Ano właśnie chyba świadczy to o tym, że Burton powoli się wypala jako opowiadacz historii. Nie widziałem jeszcze tej "Alicji" ale "Sweeney Todd" już był naciągany fabularnie, choć przecież to z założenia miała być bajka dla starszych.

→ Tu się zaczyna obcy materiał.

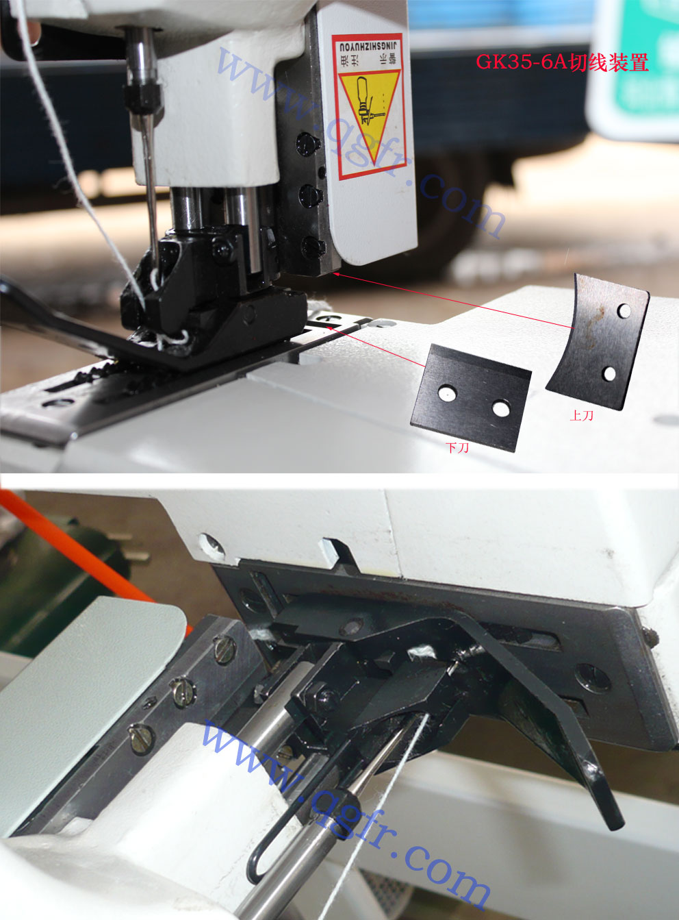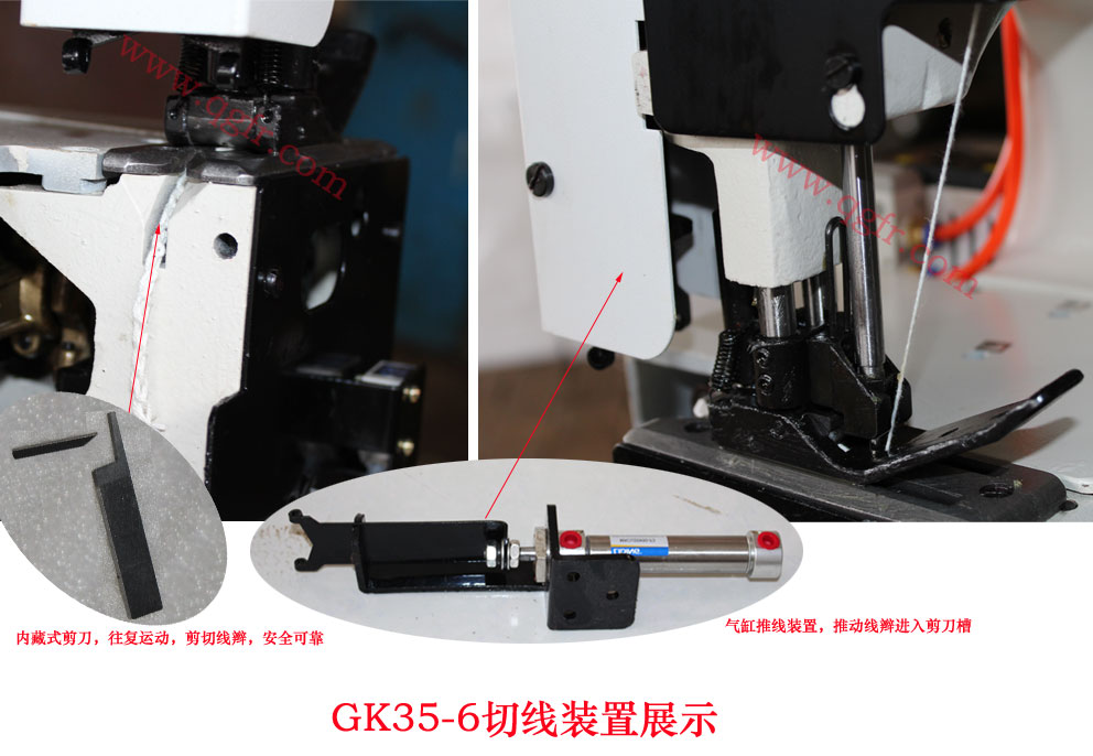 b.GK35-6A型全自動縫包機,采用切刀式結構,在氣缸推動下,上刀與下刀配合完成切線動作,切線更加可靠,而且能夠同時切斷皺紋紙等。

Duże dziecko – Chyba tylko w USA dorosły facet, który ma osobowość niesfornego chłopaczka, może zrobić tak wielką karierę. Nie tylko Burton z resztą; Spielberg, Lucas, Zemeckis a nawet Peter Jackson. Ale to Burton kręci non stop jakąś fantastykę, tylko Ed Wood był bliższy realizmowi, ale ja nie rozumiem akurat fascynacji tym beztalenciem.
1. Batman
Powrót Batmana (nie wiem, który lepszy)
3. Edward nożycoręki
4. Gnijąca panna młoda
5. Jeździec bez głowy
6. Sok z żuka
7. Miasteczko Halloween (to też jego jakby nie było)
8. Charlie i fabryka czekolady
9. Sweeney Todd
10. Duża ryba
11. Frankenwenie
12. Planeta małp (niepotrzeny remake choć charakterka i efekty robią wrażenie).